- _EXERCISE GOAL_
Exact copy, no pictures: return only the lines below from the line with "Der reguläre Preis" up to and including the line with "5.5 ft. Red".

- _INPUT DATA_

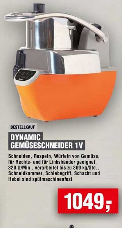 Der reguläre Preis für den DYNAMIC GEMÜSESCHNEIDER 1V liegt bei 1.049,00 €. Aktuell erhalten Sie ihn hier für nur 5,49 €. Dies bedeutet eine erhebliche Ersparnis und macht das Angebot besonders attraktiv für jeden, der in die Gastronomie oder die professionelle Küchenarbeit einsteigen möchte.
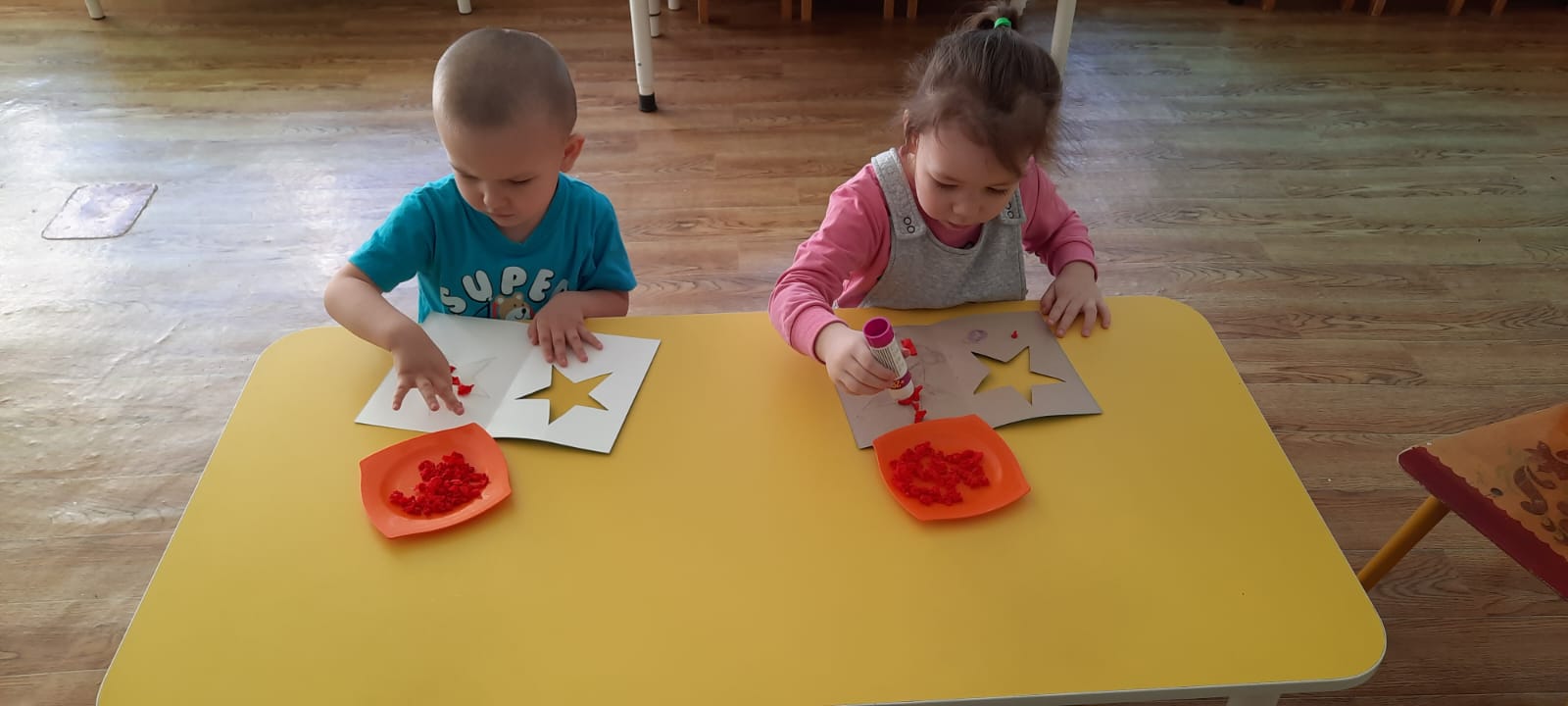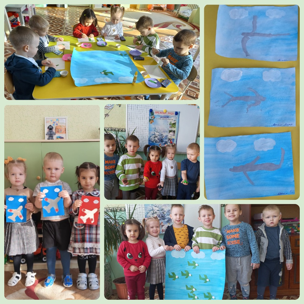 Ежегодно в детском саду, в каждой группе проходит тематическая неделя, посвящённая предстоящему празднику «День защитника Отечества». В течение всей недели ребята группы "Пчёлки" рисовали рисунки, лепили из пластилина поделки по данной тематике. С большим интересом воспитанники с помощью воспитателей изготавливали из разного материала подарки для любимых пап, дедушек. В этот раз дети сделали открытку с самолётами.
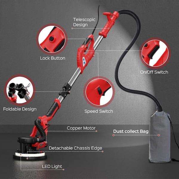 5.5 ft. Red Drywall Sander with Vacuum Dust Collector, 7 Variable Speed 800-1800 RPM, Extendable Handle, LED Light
* * *
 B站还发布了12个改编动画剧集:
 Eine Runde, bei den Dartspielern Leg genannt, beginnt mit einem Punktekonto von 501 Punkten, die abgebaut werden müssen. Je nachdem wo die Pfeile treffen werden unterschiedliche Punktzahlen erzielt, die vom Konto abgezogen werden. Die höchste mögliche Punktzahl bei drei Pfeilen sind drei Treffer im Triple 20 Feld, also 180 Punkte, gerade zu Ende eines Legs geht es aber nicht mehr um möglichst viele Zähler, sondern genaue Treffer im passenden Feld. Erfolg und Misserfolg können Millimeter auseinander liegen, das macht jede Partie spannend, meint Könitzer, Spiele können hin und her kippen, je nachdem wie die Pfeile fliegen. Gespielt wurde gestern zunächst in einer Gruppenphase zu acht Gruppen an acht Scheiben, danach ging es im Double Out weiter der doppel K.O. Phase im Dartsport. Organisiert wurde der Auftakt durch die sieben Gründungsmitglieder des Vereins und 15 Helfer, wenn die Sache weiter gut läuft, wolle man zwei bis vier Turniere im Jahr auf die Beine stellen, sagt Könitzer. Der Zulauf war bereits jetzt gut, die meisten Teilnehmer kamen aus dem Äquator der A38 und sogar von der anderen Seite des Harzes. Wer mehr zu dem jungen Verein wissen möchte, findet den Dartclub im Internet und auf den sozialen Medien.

- _TASK RESULT_
 Der reguläre Preis für den DYNAMIC GEMÜSESCHNEIDER 1V liegt bei 1.049,00 €. Aktuell erhalten Sie ihn hier für nur 5,49 €. Dies bedeutet eine erhebliche Ersparnis und macht das Angebot besonders attraktiv für jeden, der in die Gastronomie oder die professionelle Küchenarbeit einsteigen möchte.
 Ежегодно в детском саду, в каждой группе проходит тематическая неделя, посвящённая предстоящему празднику «День защитника Отечества». В течение всей недели ребята группы "Пчёлки" рисовали рисунки, лепили из пластилина поделки по данной тематике. С большим интересом воспитанники с помощью воспитателей изготавливали из разного материала подарки для любимых пап, дедушек. В этот раз дети сделали открытку с самолётами.
 5.5 ft. Red Drywall Sander with Vacuum Dust Collector, 7 Variable Speed 800-1800 RPM, Extendable Handle, LED Light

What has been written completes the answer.